[DIRECTIONS FOR THIS TASK]:
The listing below should be printed in full and exactly, apart from its images.

[DATASET SECTION]:
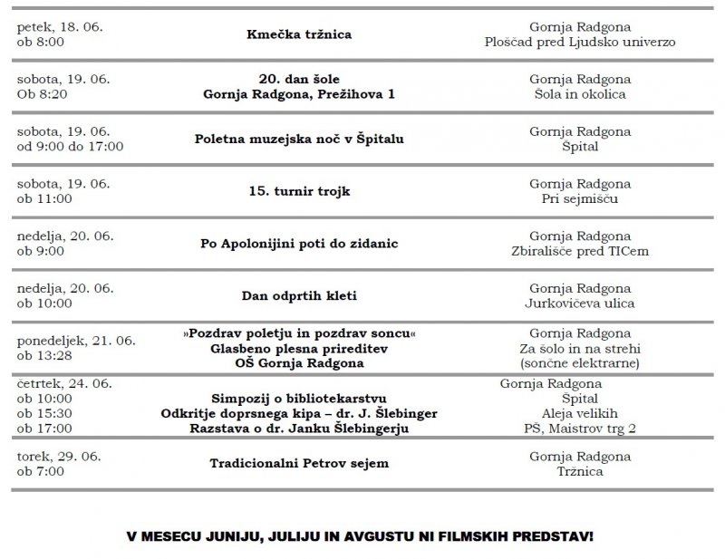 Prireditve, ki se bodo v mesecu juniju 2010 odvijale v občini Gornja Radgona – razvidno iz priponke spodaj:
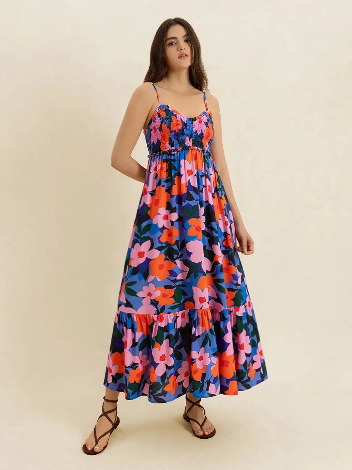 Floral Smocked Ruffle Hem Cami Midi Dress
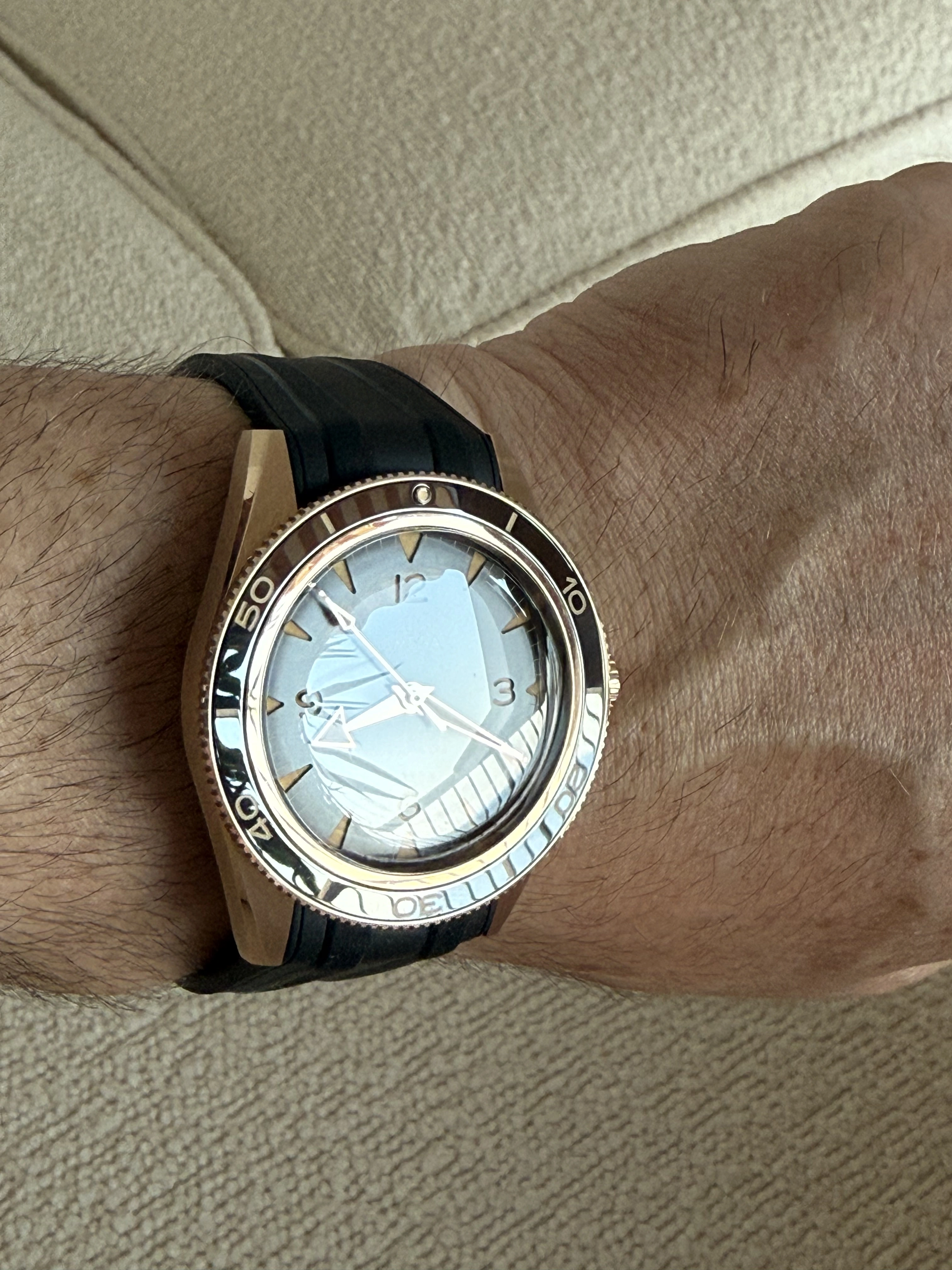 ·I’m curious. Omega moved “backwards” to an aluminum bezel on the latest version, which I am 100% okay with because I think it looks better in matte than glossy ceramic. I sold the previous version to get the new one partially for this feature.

[RESULT OF THE EXERCISE]:
 Prireditve, ki se bodo v mesecu juniju 2010 odvijale v občini Gornja Radgona – razvidno iz priponke spodaj:
 Floral Smocked Ruffle Hem Cami Midi Dress
 ·I’m curious. Omega moved “backwards” to an aluminum bezel on the latest version, which I am 100% okay with because I think it looks better in matte than glossy ceramic. I sold the previous version to get the new one partially for this feature.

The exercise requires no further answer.